In 1984, Steve Jobs mistakenly referred to typefaces as fonts on Apple computers thereby perpetuating a misnomer that effectively erased much knowledge of typesetting for generations of young people. While creating new typefaces has become easier than ever before, it is likely that many people creating typefaces and fonts today are unaware of the amazing history, traditions, and standards of a specialization that are becoming increasingly rare as technology evolves.
While any layperson with a computer can set type, the art of typography is the technique of formatting type to be readable, legible, and attractive. This can include spacing, selecting typefaces, the length of lines, and the space between individual letters and words.
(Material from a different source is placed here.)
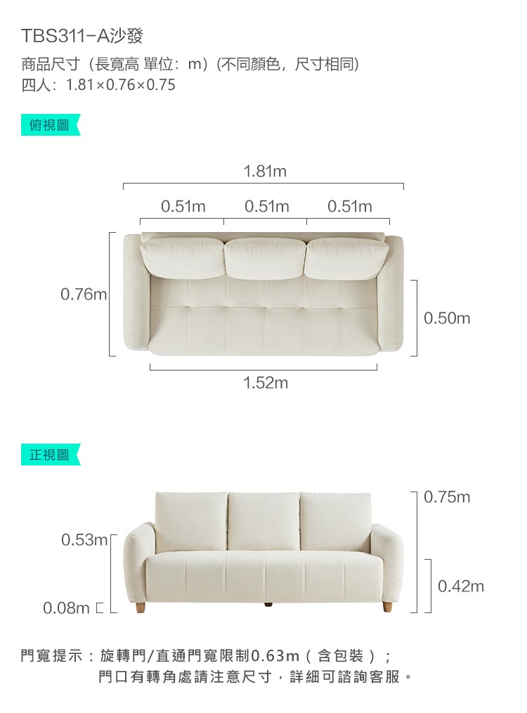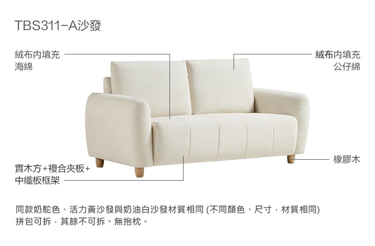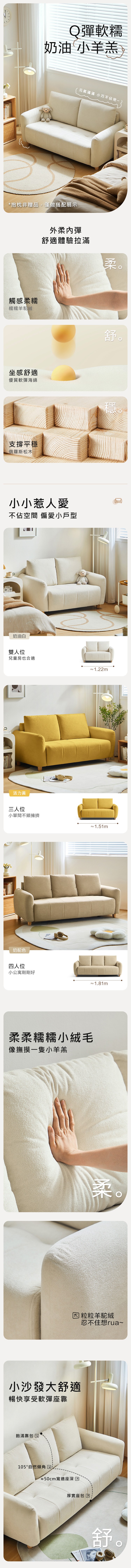 hoi! 林氏木業小羊羔四人小沙發 TBS311-奶駝色

While some typesetters create their own typefaces, many do not. They, instead, focus on arranging.
The earliest known movable type was created in China in the 11th century using a system of ceramic tiles than could be shifted and rearranged for a variety of printings. This movable type was so popular in China that variations of it were used until the 17th century.
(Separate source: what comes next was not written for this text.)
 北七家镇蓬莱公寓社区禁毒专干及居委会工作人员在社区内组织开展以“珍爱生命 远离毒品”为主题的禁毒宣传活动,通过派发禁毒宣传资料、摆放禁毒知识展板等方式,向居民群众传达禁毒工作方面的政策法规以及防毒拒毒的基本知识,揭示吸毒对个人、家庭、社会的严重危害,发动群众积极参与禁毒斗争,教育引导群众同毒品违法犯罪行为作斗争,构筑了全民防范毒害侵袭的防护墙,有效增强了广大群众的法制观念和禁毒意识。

In the 13th century, Wang Zhen created wooden movable type which had the advantage of being sturdier and less breakable than ceramics. Although it was less breakable, it was not quite as durable, and after wear, new pieces had to be carved. Around this time, in Korea, metal movable type became popular, eventually moving to China.
Modern typesetting and printing can be attributed to Johannes Gutenberg, who began his career as a goldsmith. He created movable type out of a lead alloy that proved so effective that it is still in use today. Because of the inexpensive nature of his alloy, he was able to come up with a way to print multiple copies of a work, allowing for the first mass production of texts. His printing press launched the Printing Evolution and is arguably one of the world's most important inventions. The first book printed on his press was the Bible, and this Gutenberg Bible is one of the world's most collectible books due to its history and artistry. Only forty-nine copies still survive.
The first typefaces in Europe were modeled after the ornate style of writing used by scribes, as that is the type of writing most people were used to reading. This style, now referred to as Gothic, was difficult to read as the individual setting of each letter created a cramped look on the page. The Garamond typeface was developed in the Renaissance period along with other Roman styles with thinner curves and serifs, resulting in a cleaner, more legible page. Eventually these evolved into the serif typesets popular today in Western printings.
Today typesetting is seen virtually everywhere one encounters printed text. Newspapers and magazine utilize tighter typefaces that work well around pictures, often with introductory letters and paragraphs in different typefaces, fonts, and sizes. Books also utilize typesetting (though not necessarily to work around images) and frequently use typesets that hearken back to the days of old. Often times the typeset is described at the end of the book and bears some historical or artistic significance relevant to the topic or story line of the book. Graphic designers also utilize typesetting skills in creating various documents such as posters, advertisements, brochures, book covers, and logos.